Source material:

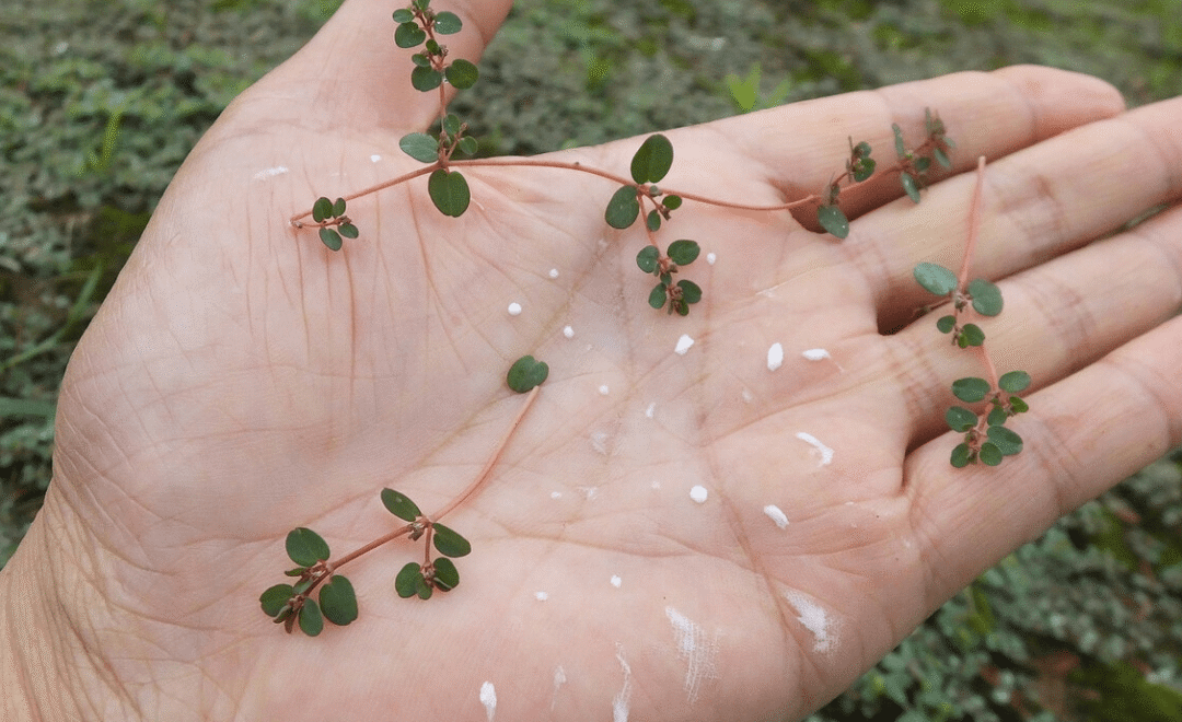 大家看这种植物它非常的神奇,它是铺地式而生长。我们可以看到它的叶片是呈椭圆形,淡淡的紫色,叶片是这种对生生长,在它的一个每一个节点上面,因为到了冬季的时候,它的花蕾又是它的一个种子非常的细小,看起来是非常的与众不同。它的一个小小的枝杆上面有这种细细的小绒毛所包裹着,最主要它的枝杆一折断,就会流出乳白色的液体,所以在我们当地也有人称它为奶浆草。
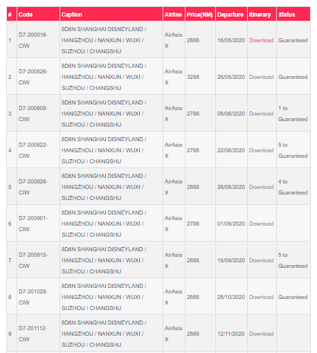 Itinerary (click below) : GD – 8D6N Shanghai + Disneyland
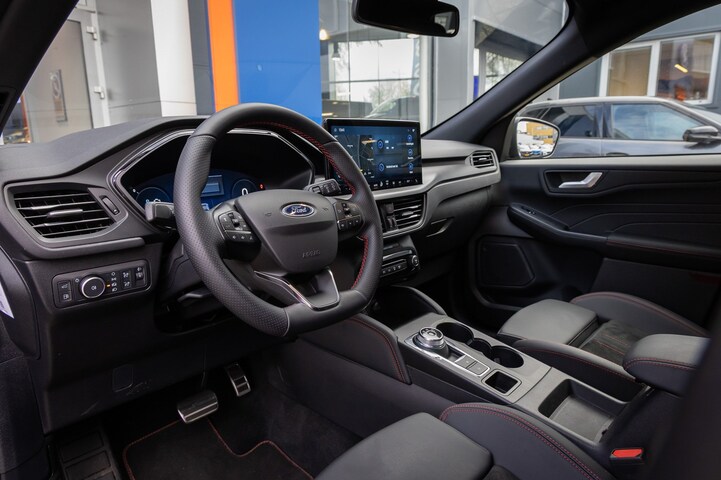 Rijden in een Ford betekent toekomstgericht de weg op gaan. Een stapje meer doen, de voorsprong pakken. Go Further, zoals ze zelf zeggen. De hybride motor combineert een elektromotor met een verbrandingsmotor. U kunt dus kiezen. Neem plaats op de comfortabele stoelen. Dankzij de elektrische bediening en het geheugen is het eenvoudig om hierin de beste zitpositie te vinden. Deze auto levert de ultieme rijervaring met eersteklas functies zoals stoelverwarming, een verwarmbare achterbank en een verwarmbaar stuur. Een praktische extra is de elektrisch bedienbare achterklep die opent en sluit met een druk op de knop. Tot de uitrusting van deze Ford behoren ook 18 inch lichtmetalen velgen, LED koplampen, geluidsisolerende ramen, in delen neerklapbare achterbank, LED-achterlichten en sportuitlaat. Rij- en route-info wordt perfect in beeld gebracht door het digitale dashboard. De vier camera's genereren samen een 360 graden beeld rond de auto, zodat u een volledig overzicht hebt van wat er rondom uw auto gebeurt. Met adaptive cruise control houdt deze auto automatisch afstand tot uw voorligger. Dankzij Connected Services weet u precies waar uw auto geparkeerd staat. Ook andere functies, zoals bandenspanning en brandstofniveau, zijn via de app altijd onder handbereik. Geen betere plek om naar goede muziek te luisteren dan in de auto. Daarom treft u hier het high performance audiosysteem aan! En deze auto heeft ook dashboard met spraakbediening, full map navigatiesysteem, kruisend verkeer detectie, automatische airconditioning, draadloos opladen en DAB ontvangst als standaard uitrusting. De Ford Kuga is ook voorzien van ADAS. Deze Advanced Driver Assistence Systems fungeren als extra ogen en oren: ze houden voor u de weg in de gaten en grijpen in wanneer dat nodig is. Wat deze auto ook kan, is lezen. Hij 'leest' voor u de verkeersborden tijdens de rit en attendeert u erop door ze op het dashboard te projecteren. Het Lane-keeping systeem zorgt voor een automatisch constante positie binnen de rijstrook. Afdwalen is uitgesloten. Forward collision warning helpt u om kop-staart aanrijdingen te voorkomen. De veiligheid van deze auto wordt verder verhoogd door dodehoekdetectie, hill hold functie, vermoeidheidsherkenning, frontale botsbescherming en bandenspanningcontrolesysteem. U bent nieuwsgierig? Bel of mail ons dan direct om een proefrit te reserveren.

Problem to solve: Write out the data above in full and exactly, but without the pictures.

Result of this task:
 大家看这种植物它非常的神奇,它是铺地式而生长。我们可以看到它的叶片是呈椭圆形,淡淡的紫色,叶片是这种对生生长,在它的一个每一个节点上面,因为到了冬季的时候,它的花蕾又是它的一个种子非常的细小,看起来是非常的与众不同。它的一个小小的枝杆上面有这种细细的小绒毛所包裹着,最主要它的枝杆一折断,就会流出乳白色的液体,所以在我们当地也有人称它为奶浆草。
 Itinerary (click below) : GD – 8D6N Shanghai + Disneyland
 Rijden in een Ford betekent toekomstgericht de weg op gaan. Een stapje meer doen, de voorsprong pakken. Go Further, zoals ze zelf zeggen. De hybride motor combineert een elektromotor met een verbrandingsmotor. U kunt dus kiezen. Neem plaats op de comfortabele stoelen. Dankzij de elektrische bediening en het geheugen is het eenvoudig om hierin de beste zitpositie te vinden. Deze auto levert de ultieme rijervaring met eersteklas functies zoals stoelverwarming, een verwarmbare achterbank en een verwarmbaar stuur. Een praktische extra is de elektrisch bedienbare achterklep die opent en sluit met een druk op de knop. Tot de uitrusting van deze Ford behoren ook 18 inch lichtmetalen velgen, LED koplampen, geluidsisolerende ramen, in delen neerklapbare achterbank, LED-achterlichten en sportuitlaat. Rij- en route-info wordt perfect in beeld gebracht door het digitale dashboard. De vier camera's genereren samen een 360 graden beeld rond de auto, zodat u een volledig overzicht hebt van wat er rondom uw auto gebeurt. Met adaptive cruise control houdt deze auto automatisch afstand tot uw voorligger. Dankzij Connected Services weet u precies waar uw auto geparkeerd staat. Ook andere functies, zoals bandenspanning en brandstofniveau, zijn via de app altijd onder handbereik. Geen betere plek om naar goede muziek te luisteren dan in de auto. Daarom treft u hier het high performance audiosysteem aan! En deze auto heeft ook dashboard met spraakbediening, full map navigatiesysteem, kruisend verkeer detectie, automatische airconditioning, draadloos opladen en DAB ontvangst als standaard uitrusting. De Ford Kuga is ook voorzien van ADAS. Deze Advanced Driver Assistence Systems fungeren als extra ogen en oren: ze houden voor u de weg in de gaten en grijpen in wanneer dat nodig is. Wat deze auto ook kan, is lezen. Hij 'leest' voor u de verkeersborden tijdens de rit en attendeert u erop door ze op het dashboard te projecteren. Het Lane-keeping systeem zorgt voor een automatisch constante positie binnen de rijstrook. Afdwalen is uitgesloten. Forward collision warning helpt u om kop-staart aanrijdingen te voorkomen. De veiligheid van deze auto wordt verder verhoogd door dodehoekdetectie, hill hold functie, vermoeidheidsherkenning, frontale botsbescherming en bandenspanningcontrolesysteem. U bent nieuwsgierig? Bel of mail ons dan direct om een proefrit te reserveren.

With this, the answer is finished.